SPR: What’d you think of the “Scanner Darkly” movie? Did you have screenwriting influences for the initial inception of Broken Bulbs?
EW: I thought the movie was a pretty dead-on adaptation. I would’ve preferred if it were straight-up live action but I could see what Linklater was going for. He pretty much nailed it though. Especially with the casting of Robert Downey Jr., he’s just amazing. David Lynch has influenced all my writing, I just love his stuff. So has Charlie Kaufman and David Cronenberg. Tarantino’s dialogue has always been some of the best to me as well. I also really really love Jesus’ Son, both the book and the movie, I actually like the movie more though.
SPR: Me, I didn’t like the adaptation of Jesus’ Son. The character was painted as hapless – I just don’t think the movie had the depth or poetry of the book. (Had to interject that – the movie kind of irked me.) But Broken Bulbs definitely has similarities with Jesus’ Son – aside from them both being small, black books. What’s next for you? Are you working on another novel? Are you interested in writing longer-form stuff or do you like shorter works?

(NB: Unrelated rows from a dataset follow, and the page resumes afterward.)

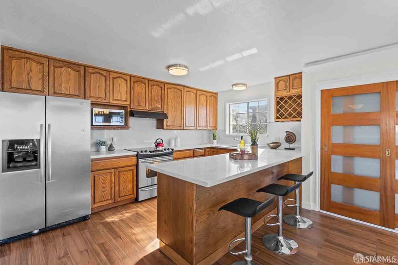 - Island, Pantry Cabinet, Quartz Counter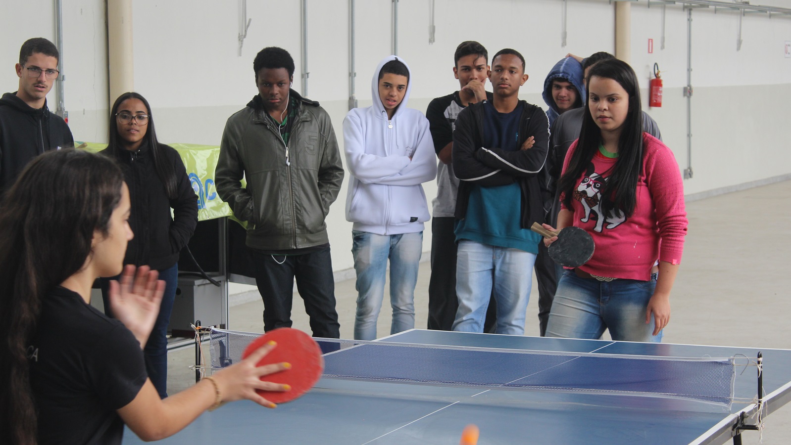 Wanessa e Lisandra jogam tênis de mesa; estudantes assistem à partida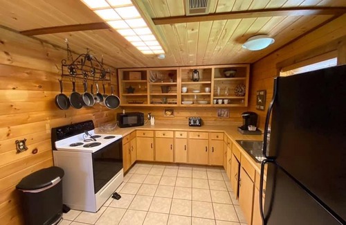The cabin has a two large porch areas with outdoor seating, a charcoal grill. It's only steps away from a REAL LIFE SALOON!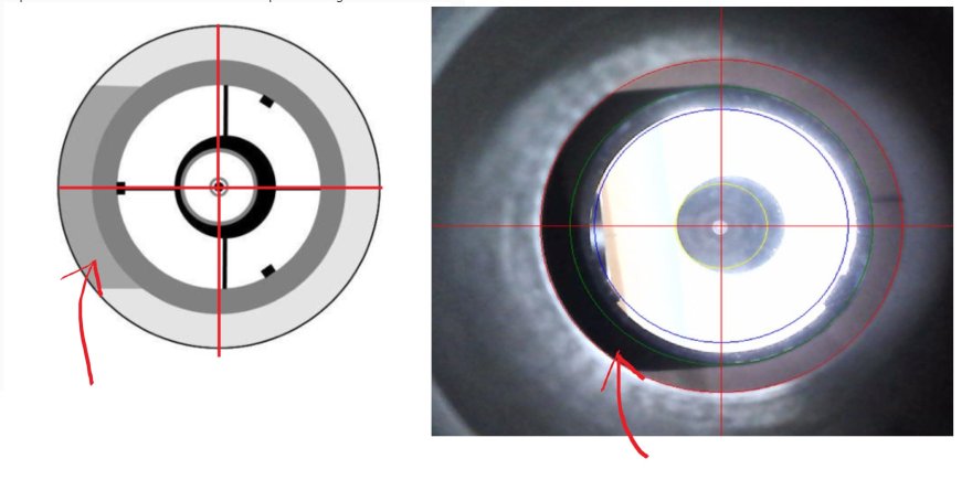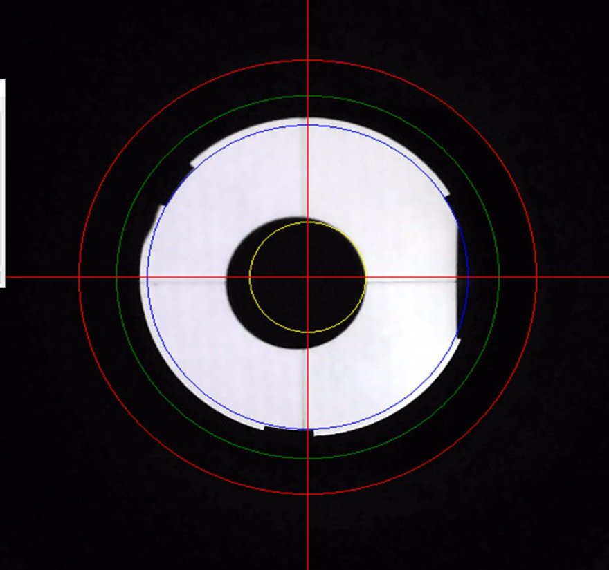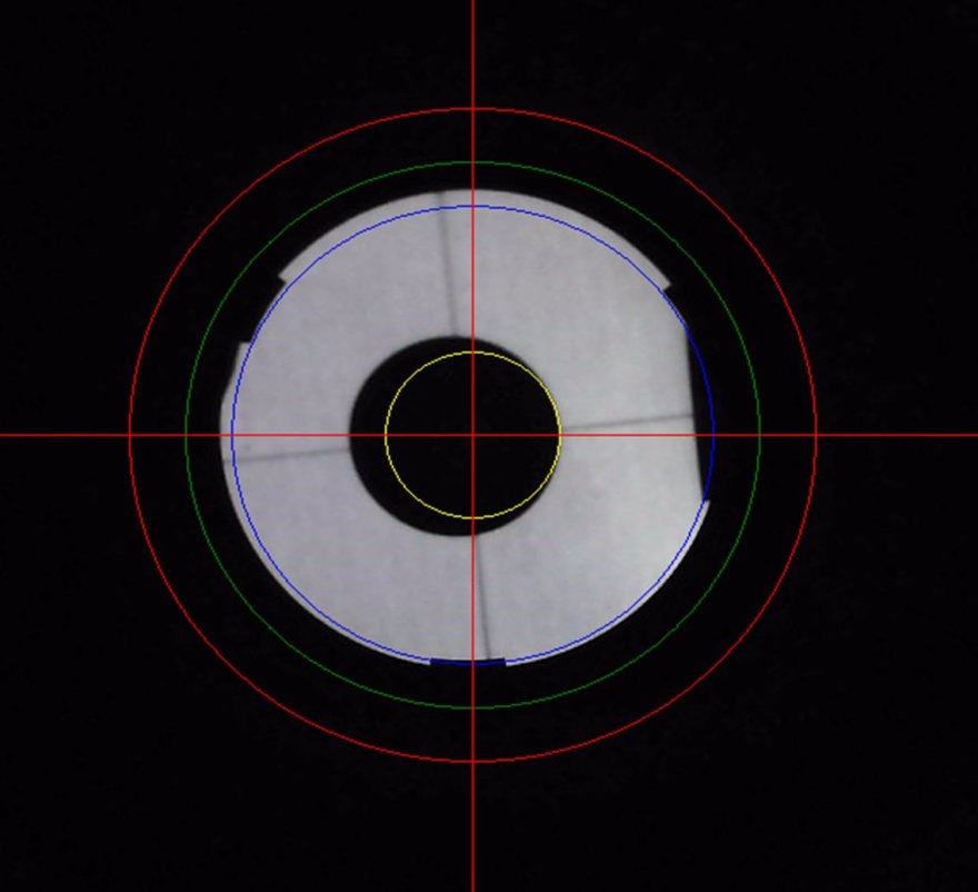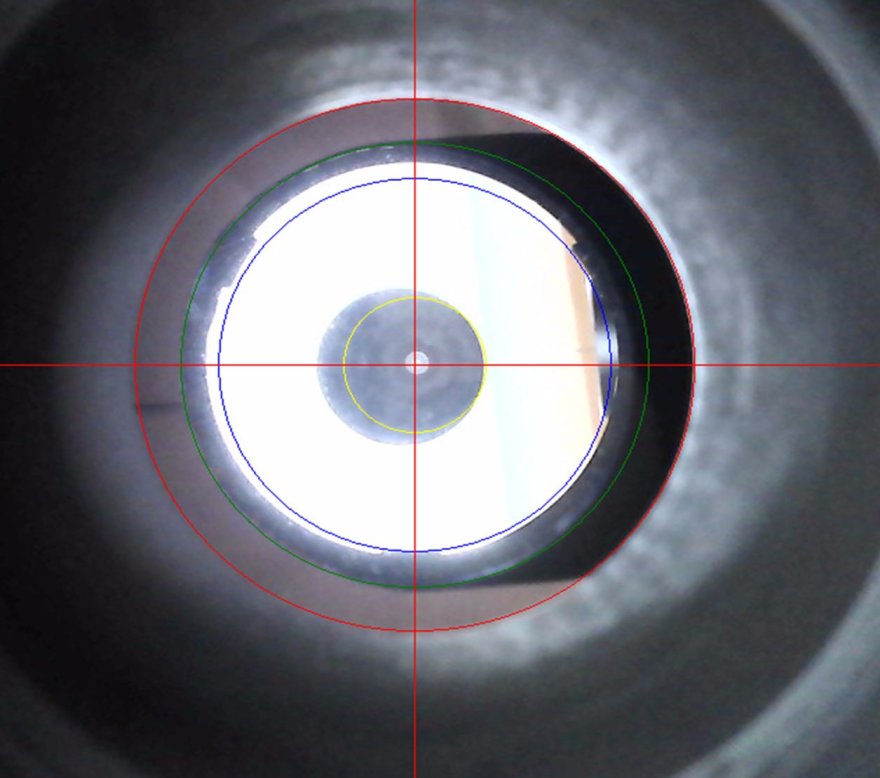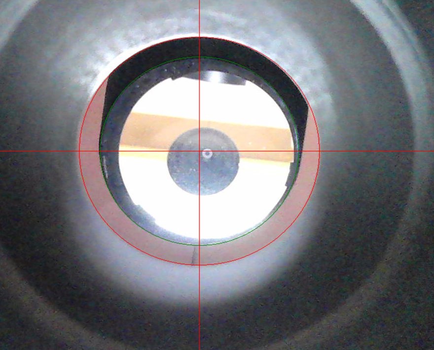 Partendo dal trovare il cerchio che meglio approssima il bordo del focheggiatore (cerchio rosso), ho, come tutte le guide riportano, centrato il secondario facendo in modo che appaia come un cerchio alla webcam (cerchio verde).

EW: I’m currently writing something else. I’m absolutely interested in writing something longer if the story needs more time. Broken Bulbs was just kind of over. It came to a natural end for me. If the next one needs more time, it’ll be longer. Based on the ideas that I have and the way it’s headed, it will be. Longer for me is not epic by any means. I like shorter, faster stuff. It’s what I like to read and it’s what I like to write for now. I like it to go down easy but I like there to be many layers. I like there to be plenty to think over. I just hope to grow and to stay fresh and to experiment further. I definitely have more ambition for the next book.
SPR: Do you think you’re going to go the traditional route and try to find an agent or do you like what you’ve gotten out of self-publishing?
EW: At this point it’s much too early to say I would never want an agent since I’ve never had one. If having an agent and working with a traditional publisher means I could write the stories I want to write and maintain financial security and live the way I want to live then yes, I would love to find one. But if I can’t find one or if finding one means compromising my stories and ideas, then self-publishing is always here. I see hope in self-publishing and don’t see it as a last resort. I want to write. I want to write books that make sense to me and inspire me and I want to entertain people. I will write no matter what. That’s the beauty of self-publishing, it’s always available. There are no excuses. If you want to be a writer, write and you’re a writer. There are always ways to get stuff out there.
SPR: I can’t think of a better way to end this interview. Thanks, Eddie.